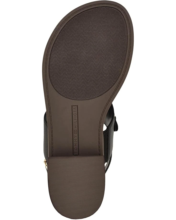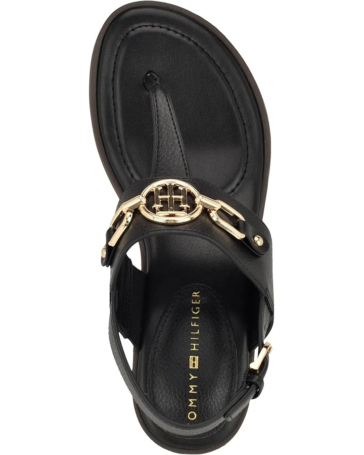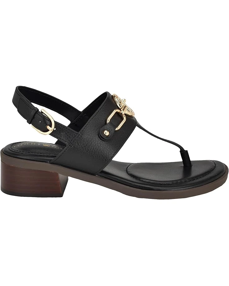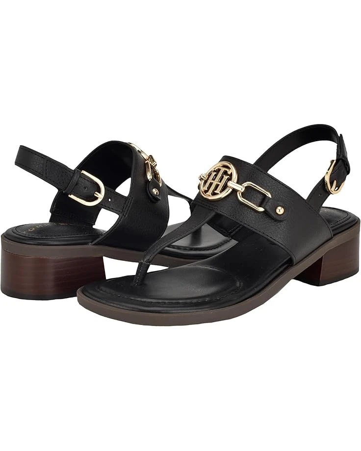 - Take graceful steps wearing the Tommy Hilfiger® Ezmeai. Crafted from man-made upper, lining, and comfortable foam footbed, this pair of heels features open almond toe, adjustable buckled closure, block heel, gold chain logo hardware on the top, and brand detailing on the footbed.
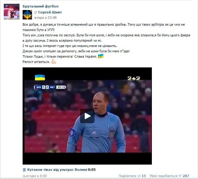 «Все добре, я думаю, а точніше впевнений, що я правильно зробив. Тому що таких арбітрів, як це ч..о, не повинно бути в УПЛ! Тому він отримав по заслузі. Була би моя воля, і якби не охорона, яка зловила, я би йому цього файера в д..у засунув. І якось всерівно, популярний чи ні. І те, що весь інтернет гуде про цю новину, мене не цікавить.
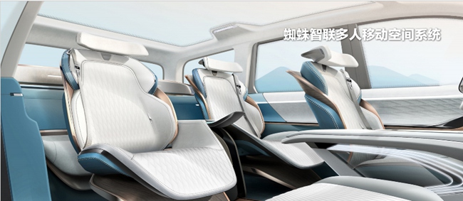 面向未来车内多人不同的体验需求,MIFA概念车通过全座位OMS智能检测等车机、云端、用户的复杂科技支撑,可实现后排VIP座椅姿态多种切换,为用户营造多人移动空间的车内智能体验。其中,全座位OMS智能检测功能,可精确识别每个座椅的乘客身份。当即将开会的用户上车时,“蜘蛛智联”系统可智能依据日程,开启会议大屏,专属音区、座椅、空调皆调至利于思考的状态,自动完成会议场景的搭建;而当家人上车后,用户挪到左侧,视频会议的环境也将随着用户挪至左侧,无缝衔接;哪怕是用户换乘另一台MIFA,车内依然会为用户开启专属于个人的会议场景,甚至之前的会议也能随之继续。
·····
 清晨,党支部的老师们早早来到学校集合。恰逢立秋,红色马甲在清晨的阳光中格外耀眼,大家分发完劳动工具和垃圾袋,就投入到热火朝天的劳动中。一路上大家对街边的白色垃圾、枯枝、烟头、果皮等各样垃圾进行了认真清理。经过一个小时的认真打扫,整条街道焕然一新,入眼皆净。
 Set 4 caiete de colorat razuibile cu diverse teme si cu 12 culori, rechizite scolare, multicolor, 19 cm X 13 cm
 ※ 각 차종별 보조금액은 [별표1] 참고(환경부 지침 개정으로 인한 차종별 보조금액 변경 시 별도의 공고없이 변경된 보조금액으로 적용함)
·····
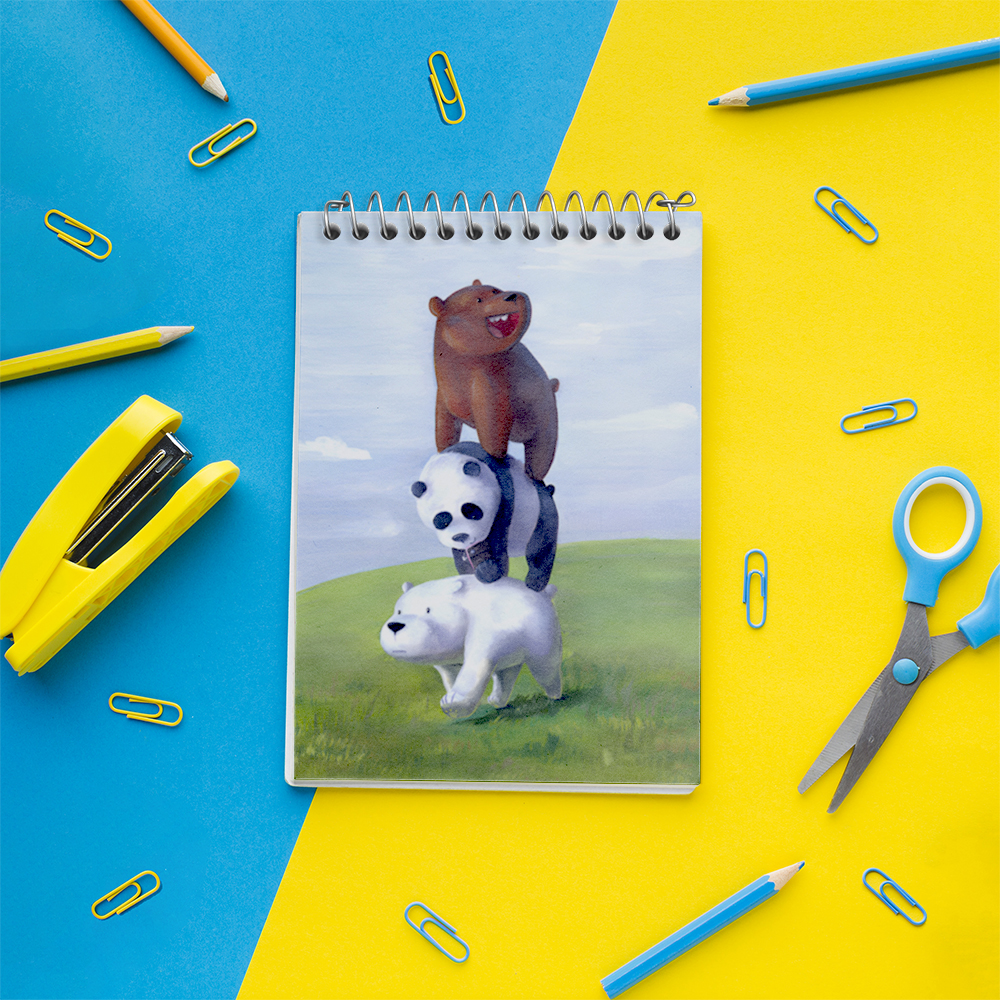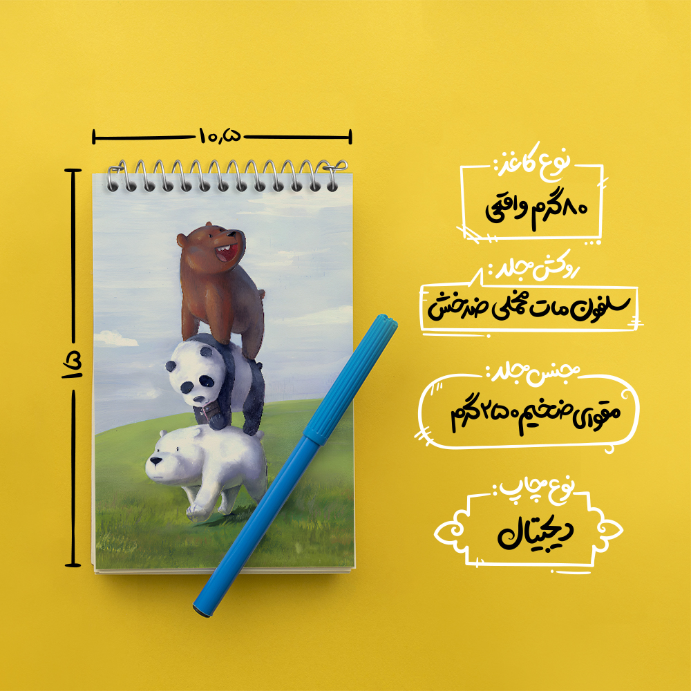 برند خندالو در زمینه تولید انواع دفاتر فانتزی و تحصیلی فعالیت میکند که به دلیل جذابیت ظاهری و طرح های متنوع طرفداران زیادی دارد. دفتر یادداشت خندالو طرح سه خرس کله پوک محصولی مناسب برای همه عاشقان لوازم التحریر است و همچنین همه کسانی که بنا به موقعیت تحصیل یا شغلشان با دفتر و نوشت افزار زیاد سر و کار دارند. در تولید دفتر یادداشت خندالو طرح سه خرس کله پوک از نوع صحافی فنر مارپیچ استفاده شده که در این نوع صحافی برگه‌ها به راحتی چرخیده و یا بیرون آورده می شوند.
·····
**What to do:**
Return only the part of the records above that opens with the line containing "Set 4 caiete" and closes with the line containing "변경된 보조금액으로 적용함)", ends included.

**Task output:**
 Set 4 caiete de colorat razuibile cu diverse teme si cu 12 culori, rechizite scolare, multicolor, 19 cm X 13 cm
 ※ 각 차종별 보조금액은 [별표1] 참고(환경부 지침 개정으로 인한 차종별 보조금액 변경 시 별도의 공고없이 변경된 보조금액으로 적용함)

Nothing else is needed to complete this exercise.